* Task objective: With the pictures set aside, write out all of the data exactly as it stands.

* Supplied material:
━━━━━━
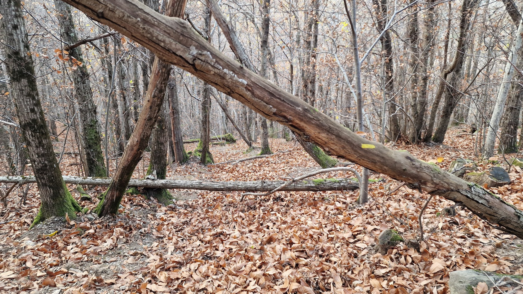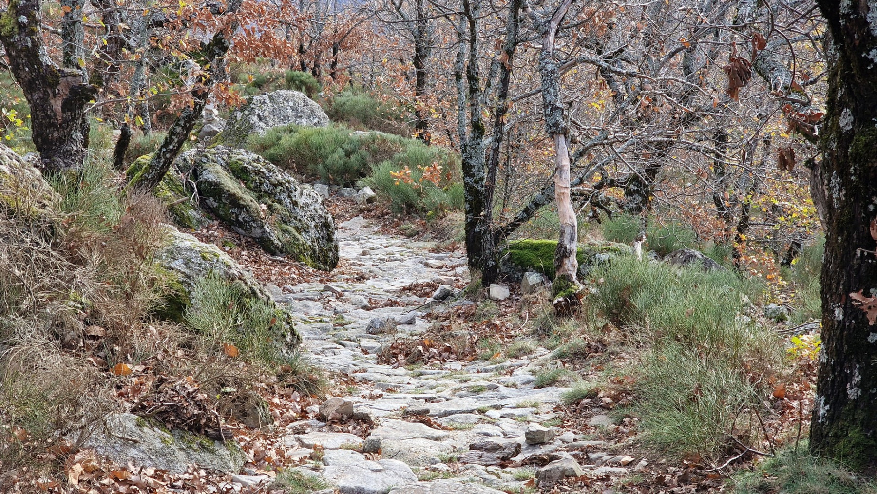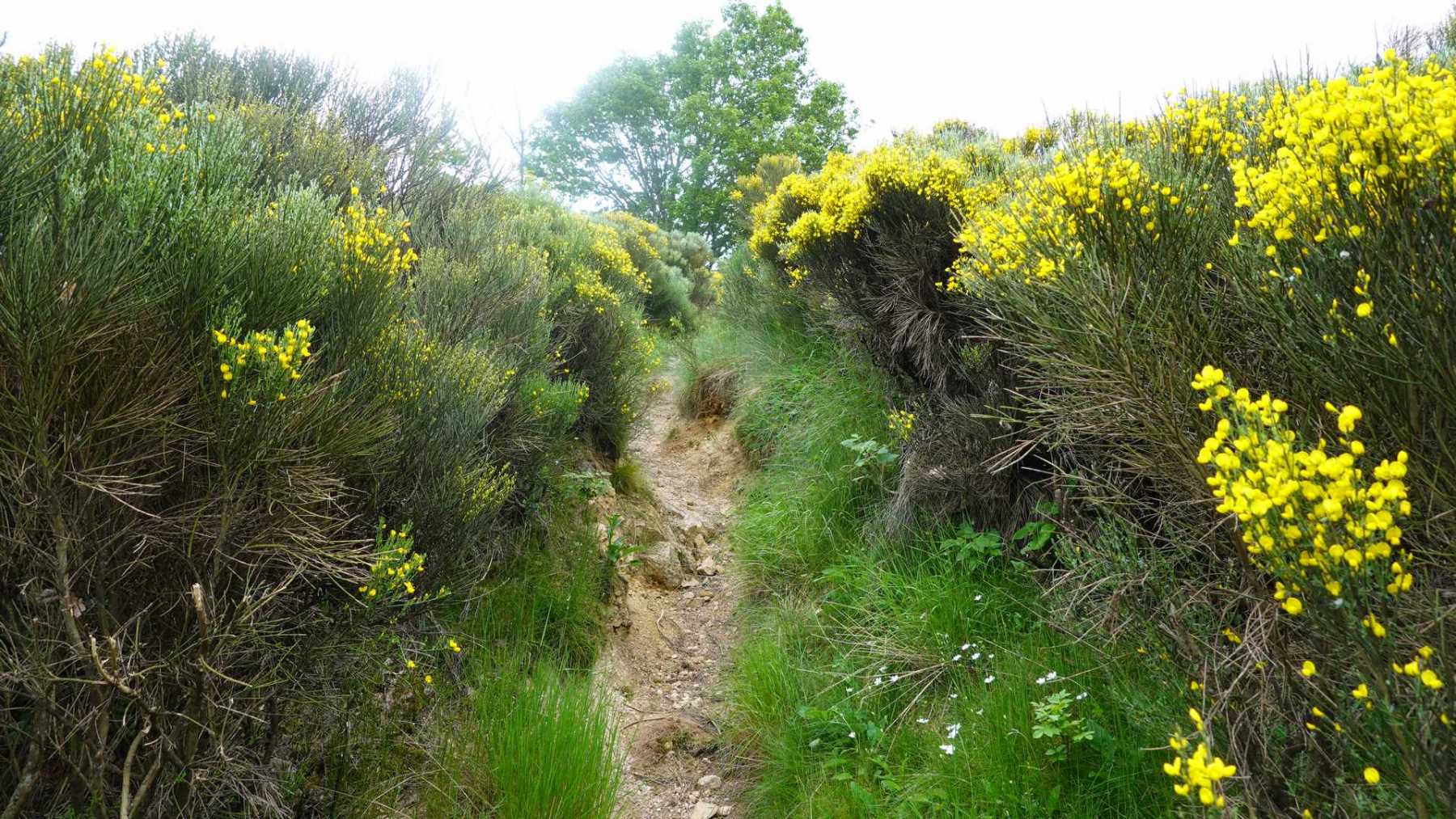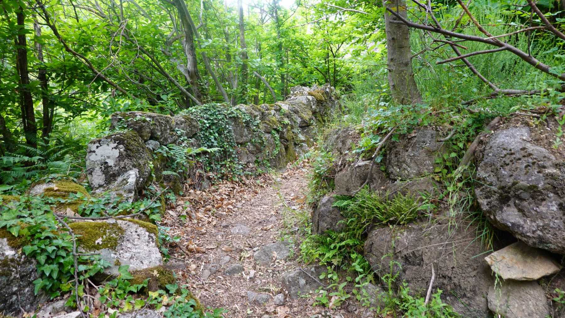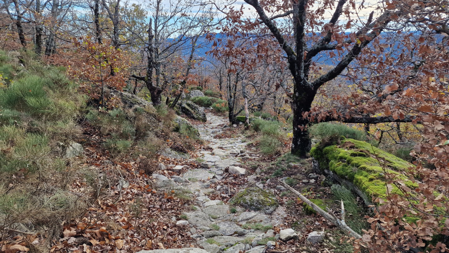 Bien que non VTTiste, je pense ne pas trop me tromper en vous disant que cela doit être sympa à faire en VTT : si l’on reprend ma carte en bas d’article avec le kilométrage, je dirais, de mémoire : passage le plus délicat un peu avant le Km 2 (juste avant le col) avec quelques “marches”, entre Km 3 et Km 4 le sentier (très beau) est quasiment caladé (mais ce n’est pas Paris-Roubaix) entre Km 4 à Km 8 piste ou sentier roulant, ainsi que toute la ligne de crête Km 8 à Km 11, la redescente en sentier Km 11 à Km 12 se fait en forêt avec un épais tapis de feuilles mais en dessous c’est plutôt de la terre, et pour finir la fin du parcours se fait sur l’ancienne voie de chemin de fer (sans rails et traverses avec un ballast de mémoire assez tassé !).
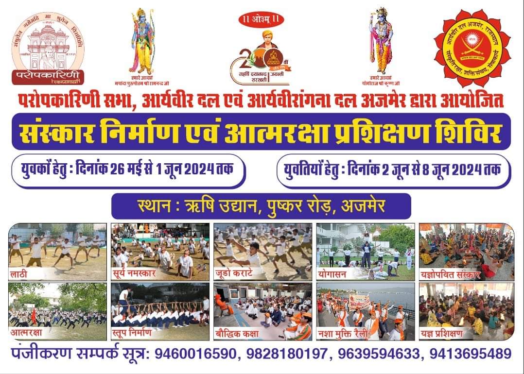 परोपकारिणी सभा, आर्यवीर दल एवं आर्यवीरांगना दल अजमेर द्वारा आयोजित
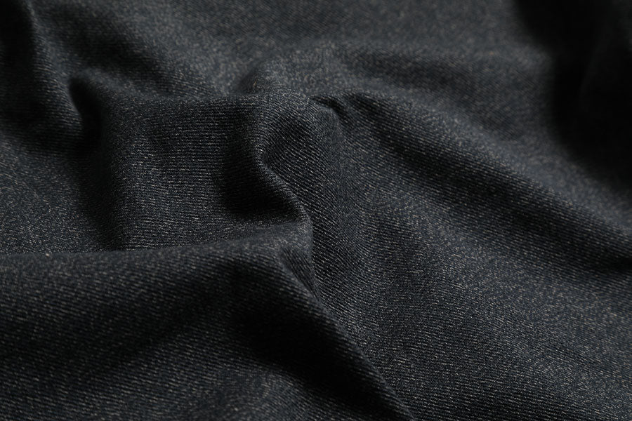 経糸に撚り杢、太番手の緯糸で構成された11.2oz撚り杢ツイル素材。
━━━━━━
* Your solution:
 Bien que non VTTiste, je pense ne pas trop me tromper en vous disant que cela doit être sympa à faire en VTT : si l’on reprend ma carte en bas d’article avec le kilométrage, je dirais, de mémoire : passage le plus délicat un peu avant le Km 2 (juste avant le col) avec quelques “marches”, entre Km 3 et Km 4 le sentier (très beau) est quasiment caladé (mais ce n’est pas Paris-Roubaix) entre Km 4 à Km 8 piste ou sentier roulant, ainsi que toute la ligne de crête Km 8 à Km 11, la redescente en sentier Km 11 à Km 12 se fait en forêt avec un épais tapis de feuilles mais en dessous c’est plutôt de la terre, et pour finir la fin du parcours se fait sur l’ancienne voie de chemin de fer (sans rails et traverses avec un ballast de mémoire assez tassé !).
 परोपकारिणी सभा, आर्यवीर दल एवं आर्यवीरांगना दल अजमेर द्वारा आयोजित
 経糸に撚り杢、太番手の緯糸で構成された11.2oz撚り杢ツイル素材。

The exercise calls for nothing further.